Weglopen voor die vrijheid, doen of ze niet bestaat, is wat Sartre kwade trouw (mauvaise foi) noemt. Ik ben te kwader trouw als ik het doe voorkomen, of mezelf voorhoud, dat ik het niet ben die een bepaalde keuze maakt, maar dat die keuze veroorzaakt wordt door mijn jeugd, mijn sociale klasse, mijn verslaving aan gokken of n’importe quoi. Ik ben ook te kwader trouw wanneer ik me verschuil achter een rol die ik speel, of als ik een moment van keuze uit de weg ga.
Iedereen is weleens te kwader trouw. Volgens Sartre moet je echter proberen de vrijheid op je te nemen: dat wil in politiek opzicht zeggen, je te engageren. Engagement is inzet voor een bepaalde zaak. Sartre zelf zet zich voor veel zaken in, de Algerijnse opstand, de studentenprotesten in mei 1968, Vietnamese bootvluchtelingen..

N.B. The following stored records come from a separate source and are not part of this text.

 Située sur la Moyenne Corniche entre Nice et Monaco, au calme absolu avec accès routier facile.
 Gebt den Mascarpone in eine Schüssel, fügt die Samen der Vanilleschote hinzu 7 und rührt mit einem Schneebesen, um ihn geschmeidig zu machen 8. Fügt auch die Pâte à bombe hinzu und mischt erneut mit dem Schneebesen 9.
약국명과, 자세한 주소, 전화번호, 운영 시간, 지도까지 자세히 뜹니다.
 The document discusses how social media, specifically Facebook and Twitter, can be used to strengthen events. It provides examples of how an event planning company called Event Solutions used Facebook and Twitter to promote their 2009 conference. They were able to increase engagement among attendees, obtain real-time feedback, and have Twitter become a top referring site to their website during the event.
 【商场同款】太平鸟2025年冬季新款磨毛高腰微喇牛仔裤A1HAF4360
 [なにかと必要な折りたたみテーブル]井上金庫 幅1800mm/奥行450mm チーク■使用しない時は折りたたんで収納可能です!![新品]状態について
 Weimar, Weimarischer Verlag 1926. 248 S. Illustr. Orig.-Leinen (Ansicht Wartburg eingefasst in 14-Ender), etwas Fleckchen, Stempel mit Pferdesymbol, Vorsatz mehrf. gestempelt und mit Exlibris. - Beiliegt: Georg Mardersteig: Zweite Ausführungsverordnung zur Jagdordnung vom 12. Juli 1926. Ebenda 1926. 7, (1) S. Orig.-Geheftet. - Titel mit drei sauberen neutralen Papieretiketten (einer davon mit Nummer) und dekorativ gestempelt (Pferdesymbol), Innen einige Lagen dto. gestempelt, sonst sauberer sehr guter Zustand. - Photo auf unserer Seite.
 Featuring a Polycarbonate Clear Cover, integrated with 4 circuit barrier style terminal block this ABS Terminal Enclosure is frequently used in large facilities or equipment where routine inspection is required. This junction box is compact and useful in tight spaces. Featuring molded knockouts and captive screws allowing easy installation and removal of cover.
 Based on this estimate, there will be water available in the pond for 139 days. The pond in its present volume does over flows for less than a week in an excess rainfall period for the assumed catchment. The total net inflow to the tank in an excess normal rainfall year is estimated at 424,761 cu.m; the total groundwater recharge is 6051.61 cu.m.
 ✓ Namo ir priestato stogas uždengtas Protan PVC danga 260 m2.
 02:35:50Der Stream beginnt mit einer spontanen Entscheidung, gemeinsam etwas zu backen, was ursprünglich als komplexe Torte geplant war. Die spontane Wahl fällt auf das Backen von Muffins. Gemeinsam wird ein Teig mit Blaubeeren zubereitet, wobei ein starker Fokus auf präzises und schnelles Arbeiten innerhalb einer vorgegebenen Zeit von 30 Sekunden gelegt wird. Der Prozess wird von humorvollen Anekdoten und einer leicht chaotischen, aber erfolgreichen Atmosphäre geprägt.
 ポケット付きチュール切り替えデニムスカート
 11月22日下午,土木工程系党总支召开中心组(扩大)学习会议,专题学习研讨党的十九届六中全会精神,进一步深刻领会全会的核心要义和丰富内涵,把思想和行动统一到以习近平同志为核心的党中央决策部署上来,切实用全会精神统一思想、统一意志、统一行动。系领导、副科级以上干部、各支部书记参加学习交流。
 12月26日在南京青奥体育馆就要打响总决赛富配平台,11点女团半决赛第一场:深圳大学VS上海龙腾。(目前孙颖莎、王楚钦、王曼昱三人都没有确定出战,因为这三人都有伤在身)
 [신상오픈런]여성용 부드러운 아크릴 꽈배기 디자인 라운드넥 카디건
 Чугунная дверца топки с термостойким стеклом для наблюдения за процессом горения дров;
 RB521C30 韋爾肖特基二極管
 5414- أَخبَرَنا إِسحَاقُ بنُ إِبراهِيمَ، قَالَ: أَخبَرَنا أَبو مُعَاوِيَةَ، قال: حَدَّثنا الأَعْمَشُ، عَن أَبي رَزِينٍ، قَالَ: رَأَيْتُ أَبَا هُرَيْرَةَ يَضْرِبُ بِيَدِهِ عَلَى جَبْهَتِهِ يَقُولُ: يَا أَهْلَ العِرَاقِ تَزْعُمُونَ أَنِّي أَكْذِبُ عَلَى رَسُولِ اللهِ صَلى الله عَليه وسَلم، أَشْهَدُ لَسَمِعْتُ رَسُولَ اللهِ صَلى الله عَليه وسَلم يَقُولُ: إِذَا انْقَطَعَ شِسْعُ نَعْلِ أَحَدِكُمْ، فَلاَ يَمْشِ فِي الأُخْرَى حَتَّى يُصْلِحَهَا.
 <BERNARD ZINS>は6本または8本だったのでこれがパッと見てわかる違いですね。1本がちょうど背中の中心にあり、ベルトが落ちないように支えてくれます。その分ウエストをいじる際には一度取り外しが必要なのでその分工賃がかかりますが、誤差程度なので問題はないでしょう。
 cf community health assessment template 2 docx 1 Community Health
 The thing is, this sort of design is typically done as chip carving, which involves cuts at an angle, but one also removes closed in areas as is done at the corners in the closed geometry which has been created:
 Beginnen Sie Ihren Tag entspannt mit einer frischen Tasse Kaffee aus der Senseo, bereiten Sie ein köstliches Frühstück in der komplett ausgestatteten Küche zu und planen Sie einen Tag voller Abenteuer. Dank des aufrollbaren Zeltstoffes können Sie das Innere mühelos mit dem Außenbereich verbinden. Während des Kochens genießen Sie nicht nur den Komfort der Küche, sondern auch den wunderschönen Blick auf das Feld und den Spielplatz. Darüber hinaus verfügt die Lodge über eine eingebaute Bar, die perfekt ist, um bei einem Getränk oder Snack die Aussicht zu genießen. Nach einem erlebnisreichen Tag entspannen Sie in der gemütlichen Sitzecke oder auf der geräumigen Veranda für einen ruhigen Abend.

In 1964 krijgt hij de Nobelprijs voor literatuur en wijst deze af. Het doet zijn literaire carrière geen kwaad. Sartre is dé Franse intellectueel, zeker na de dood van de éminences grises Francois Mauriac, André Gide en André Malraux.
Sartres filosofische ster dooft in de loop van de jaren ’60 en ’70 langzaam uit met de opkomst van de psychoanalyse en het structuralisme van Jacques Lacan, Claude Lévi-Strauss en Michel Foucault, die precies de funderende rol van het subject die centraal staat in Sartres denken onderuit proberen te halen door het subject als het resultaat van taal en cultuur te kenschetsen.
Als Sartre in 1980 sterft is zijn begrafenis een nationale gebeurtenis die door tienduizenden mensen wordt bijgewoond. Lange tijd was Sartre niet meer in de mode, in tegenstelling overigens tot zijn oude rivaal en vriend Raymond Aron. De laatste tijd wordt zijn werk, zowel op literair als op filosofisch gebied, weer herontdekt – zeker ook in Nederland.